BEGIN SUPPLIED MATERIAL
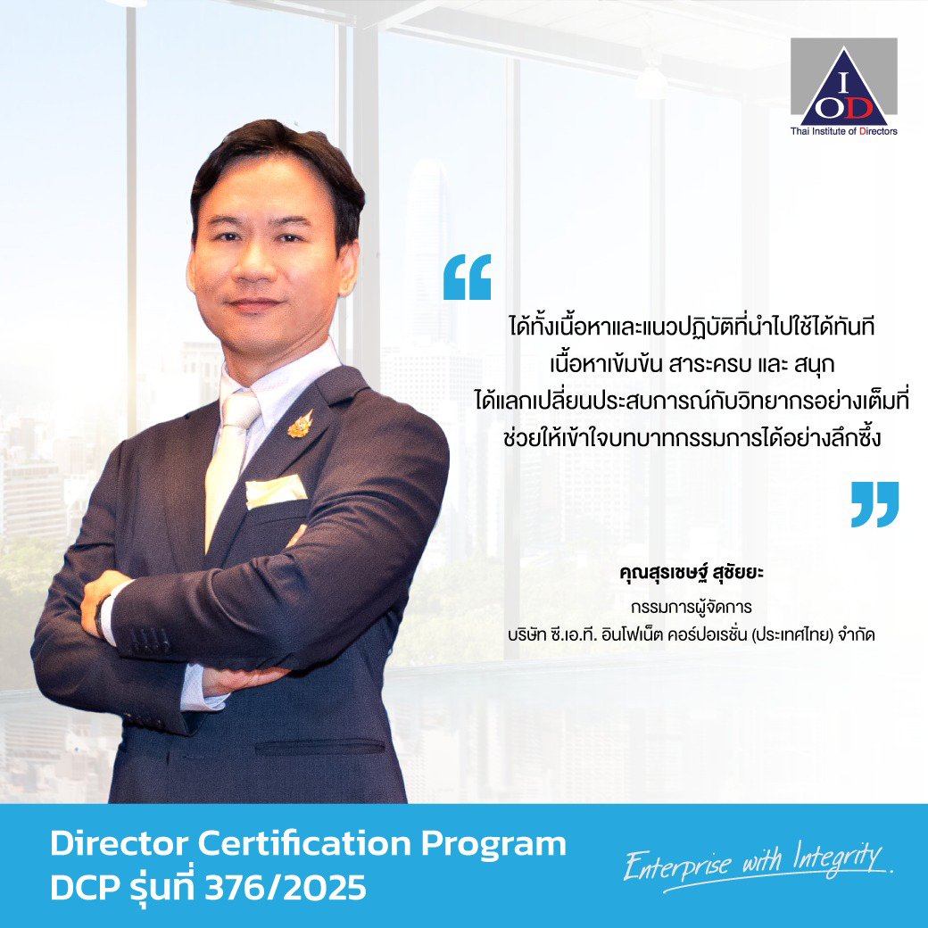 ขอบคุณ Thai IoD สำหรับการออกแบบหลักสูตรที่เข้มข้นและเปี่ยมด้วยคุณค่า รวมถึงการเปิดพื้นที่ให้เกิดการแลกเปลี่ยนมุมมองที่ลึกซึ้ง สร้างแรงบันดาลใจให้ผมก้าวต่ออย่างมีเป้าหมาย
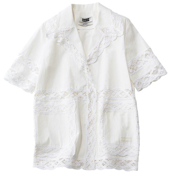 レースなのにどことなくモードな開衿シャツは、韓国の今注目ブランドEENKの新作。 シャツ¥49,500(インク/ユナイテッドアローズ 原宿本店)
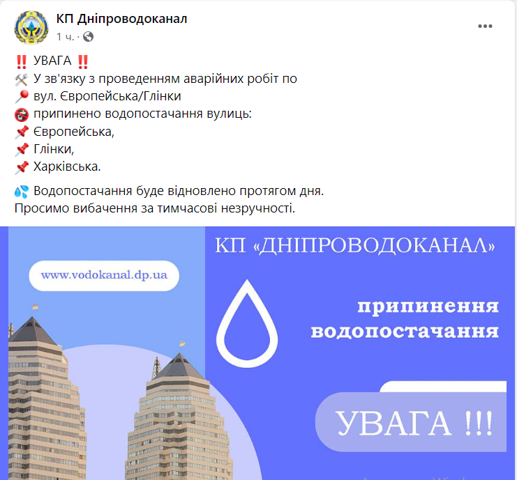 Водоснабжение обещают возобновить в течение дня. В коммунальном предприятии просят прощение за временные неудобства.
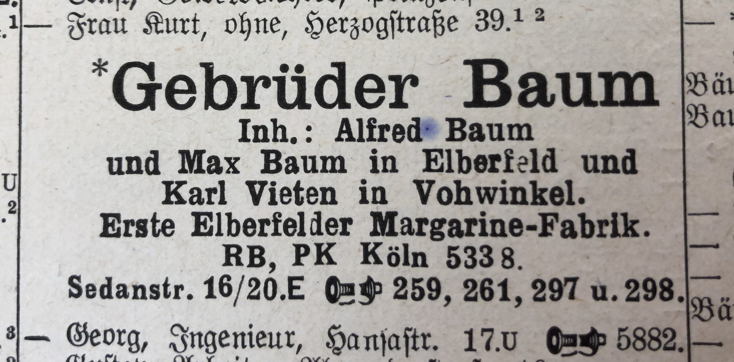 Eintrag der Margarinefabrik Baum im Elberfelder Adressbuch von 1925
END SUPPLIED MATERIAL
• [TASK DIRECTIONS] Once more, please print all the lines above exactly, without their pictures.

• [EXERCISE OUTPUT]
 ขอบคุณ Thai IoD สำหรับการออกแบบหลักสูตรที่เข้มข้นและเปี่ยมด้วยคุณค่า รวมถึงการเปิดพื้นที่ให้เกิดการแลกเปลี่ยนมุมมองที่ลึกซึ้ง สร้างแรงบันดาลใจให้ผมก้าวต่ออย่างมีเป้าหมาย
 レースなのにどことなくモードな開衿シャツは、韓国の今注目ブランドEENKの新作。 シャツ¥49,500(インク/ユナイテッドアローズ 原宿本店)
 Водоснабжение обещают возобновить в течение дня. В коммунальном предприятии просят прощение за временные неудобства.
 Eintrag der Margarinefabrik Baum im Elberfelder Adressbuch von 1925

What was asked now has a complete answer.